A 52-year-old man presented with symptoms of bladder outlet obstruction for one month. A large prerectal soft mass was palpated on digital examination in the region of the prostate. Serum prostate-specific antigen (PSA) was within normal limit. Pelvic computed tomography scan showed a mass lesion in the right retrovesical region. The MRI revealed low signal intensity, well-marginated, ovoid mass 4x3cm in the right retrovesical located in the right seminal vesicle [Figure 1]. The left seminal vesicle was normal [Figure 2]. The MRI diagnosis was seminal vesicle fibroma.
The patient underwent video laparoscopic excision of the right seminal vesicle. The patient was operated under general anesthesia. The peritoneal cavity was filled with carbon dioxide through a Veress needle introduced transumbillicaly. The first 10-mm trocar was blindly introduced below the umbilic and the table was placed in the trendenlenburg position. Two 5-mm trocars were placed, under visual control, in the right iliac fossa and the left iliac fossa. A 5-mm trocar was inserted at the left paramedian level. The laparoscopic procedure was performed at an insufflation pressure of 12 mmHg. The retrovesical peritoneum was opened transversally and the right seminal vesicle was dissected to the vas deferens. The seminal vesicle artery was clipped and sectioned. The seminal vesicle was easily dissected from the posterior trigone of the bladder and the right ureter. The seminal vesicle was removed through the left paramedian trocar. The operative time was 70 min and blood loss was minimal.

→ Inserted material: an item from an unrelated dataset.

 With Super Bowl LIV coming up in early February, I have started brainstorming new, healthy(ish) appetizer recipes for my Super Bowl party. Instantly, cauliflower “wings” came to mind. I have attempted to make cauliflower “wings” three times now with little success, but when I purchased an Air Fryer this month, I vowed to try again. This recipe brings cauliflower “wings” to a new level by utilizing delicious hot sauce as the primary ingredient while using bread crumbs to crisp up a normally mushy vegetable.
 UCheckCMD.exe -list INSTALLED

The tumor was a well-circumscribed rubbery mass. Microscopically, the examination showed fascicles of spindle-shaped smooth muscle cells disposed in an interlacing pattern with abundant intervening hyalinized stroma. No cytologic atypia or mitotic figures were seen. Histopathological findings of the resected specimen were consistent with leiomyoma of the seminal vesicle.
The postoperative course was uneventful and the patient was discharged on the third postoperative day. RMN performed at one year follow-up revealed no recurrence of the tumor.

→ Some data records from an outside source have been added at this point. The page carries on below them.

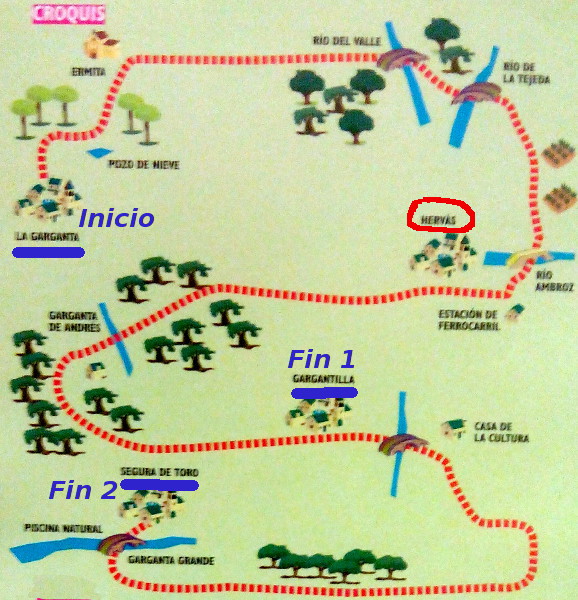 La ruta de los “Bosques del Ambroz” se inicia en el pueblo La Garganta, al que accederemos en bus desde Hervás y dejando atrás Baños de Montemayor, a una altura de unos 1.150 m., y aunque termina en Segura de Toro (casi 22 km ), lo que hemos hecho en otras ocasiones es terminarla en la localidad de La Gargantilla (16,5 km), donde nos recogería el autobús, teniendo la tarde libre para poder realizar otras actividades, aunque también podía decidirse hacerla completa.
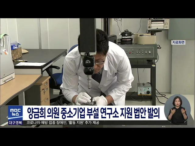 국민의힘 양금희 의원은 중소기업 부설연구소 지원을 위한 법률 개정안을 대표발의했습니다.양금희 의원은 중소기업 가운데 연구소를 보유한 기업은 1%에도 미치지 못한다며 국가 연구개발 사업 참여시 우대하고 정부 포상 등 인센티브를 제공해서 중소기업의 연구개발 기능을 확대해야 한다고 강조했습니다.양 의원에 따르...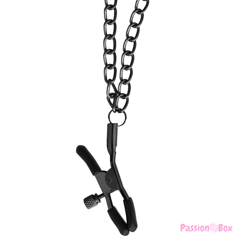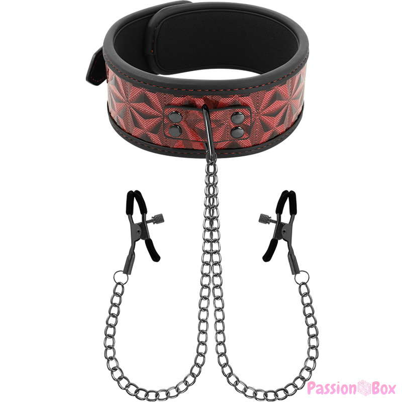 Ready for maximum pleasure ?, linked by a silver chain to nipple clamps. An exciting bondage game especially for them. The clamps and the collar are adjustable both in measure and tension. It is perfect for stimulating the nipples and many other sensitive areas.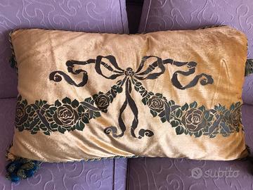 Cuscino in velluto di seta stampato a mano di artigianato veneziano . Misure 77x55 rifinito con passamanerie di pregio e imbottitura.Produttore il Fondaco di Venezia . Il prezzo di vendita al pubblico era di ? 358,00 , adesso è in vendita a ? 10,00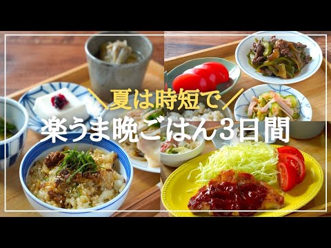 【3日間の夕飯献立】夏は時短で!和食・洋食・中華の簡単スピード晩ごはんレシピ 2023.07.24 ご視聴ありがとうございます。 今回のテーマは暑い日にパパッと作ることができる『時短で楽うまな晩ごはん』 市販品も使ったスピードおかずがメインの献立です。 キッチンに立つ時間が短くなるような献立決めの参考…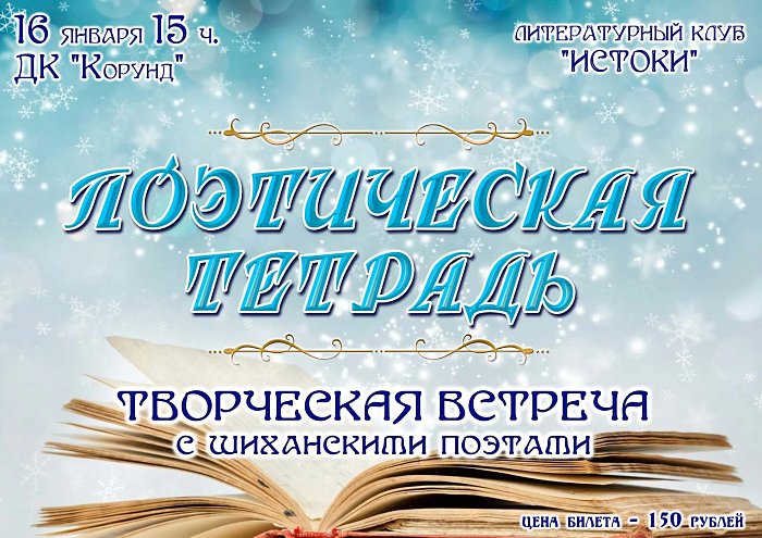 Дорогие друзья, уважаемые любители литературного творчества! В наступившем году цикл программ клуба "Истоки" мы решили посвятить творческим встречам с шиханскими поэтами.

Leiomyomas of the genitourinary tract are uncommon neoplasms that may arise from smooth muscles. They have been described in kidneys, ureters, bladder, urethra, prostate, seminal vesicles, spermatic cord, testis, epididymis, penis and scrotum. The first case of leiomyoma of the seminal vesicle has been reported by Emmerich in 1910. The differential diagnosis of benign tumors of seminal vesicles includes cyst, fibradenoma, neuroma and angioendothelioma, mesenchyma and fibromuscular dysplasia. Malignant transformation (leiomyosarcoma) within a leiomyoma is extremely rare.

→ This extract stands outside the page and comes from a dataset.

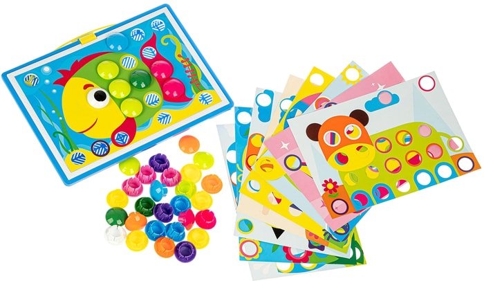 | Информация | Вставляя фишки-гвоздики в ячейки нужного цвета на игровом картонном поле, ребенок сможет собрать красочную объемную картинку. Детали мозаики крупные и изготовлены из безопасных и качественных материалов. Под игровым полем находится пластиковая основа-чемоданчик, в которой удобно хранить детали мозаики. Также, благодаря специальной ручке, игровую панель можно использовать, как чемоданчик для переноски, что позволит брать мозаику с собой в гости или путешествие. |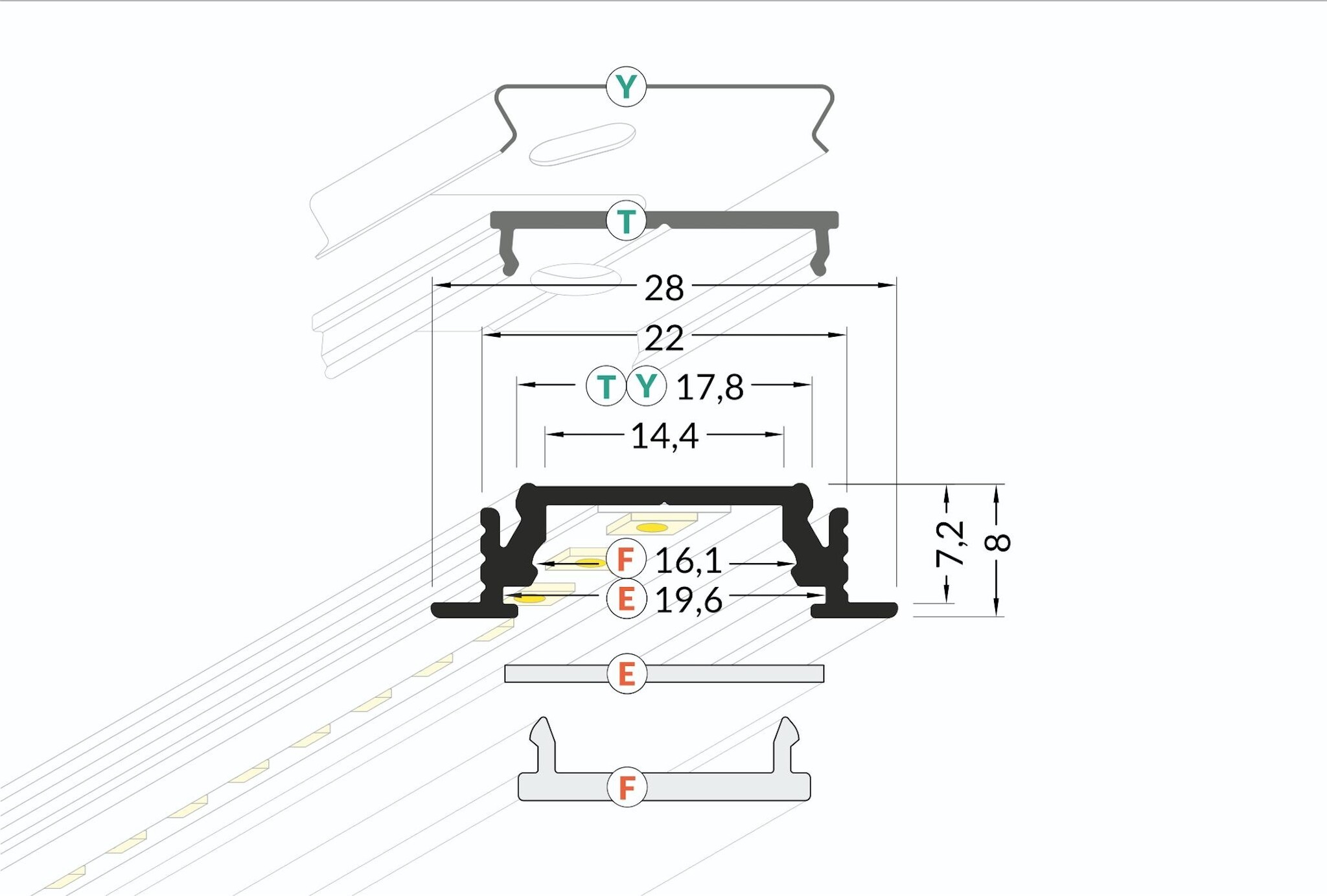 - Materiaal LED profiel: geanodiseerd aluminium / wit poedercoat

Seminal vesicle lesions are usually asymptomatic and can occasionally be an incidental finding on rectal examination. The most symptoms of a large symptomatic seminal vesicle mass are pelvic or perineal pain, dysuria, urinary frequency and bladder outlet or rectal obstruction. The advent of modern imaging has vastly improved the detection of seminal vesicle lesions. Endorectal prostatic sonography has become routine and allows transrectal fine needle biopsy. A CT scan may delineate the general appearance of the structure of the pelvic cavity and raise the suspicion of seminal vesicular lesion. MRI, especially using endorectal coils, is superior to other modalities in determining the origin and the nature of retrovesical lesion.
Surgical excision of the seminal vesicular tumors is necessary; several open approaches have been tried. Recently, some authors reported video laparoscopy as an alternative approach to treat most seminal vesicle diseases., We considered that laparoscopic management is a less invasive treatment, with minimal postoperative complication and shorter postoperative hospitalization.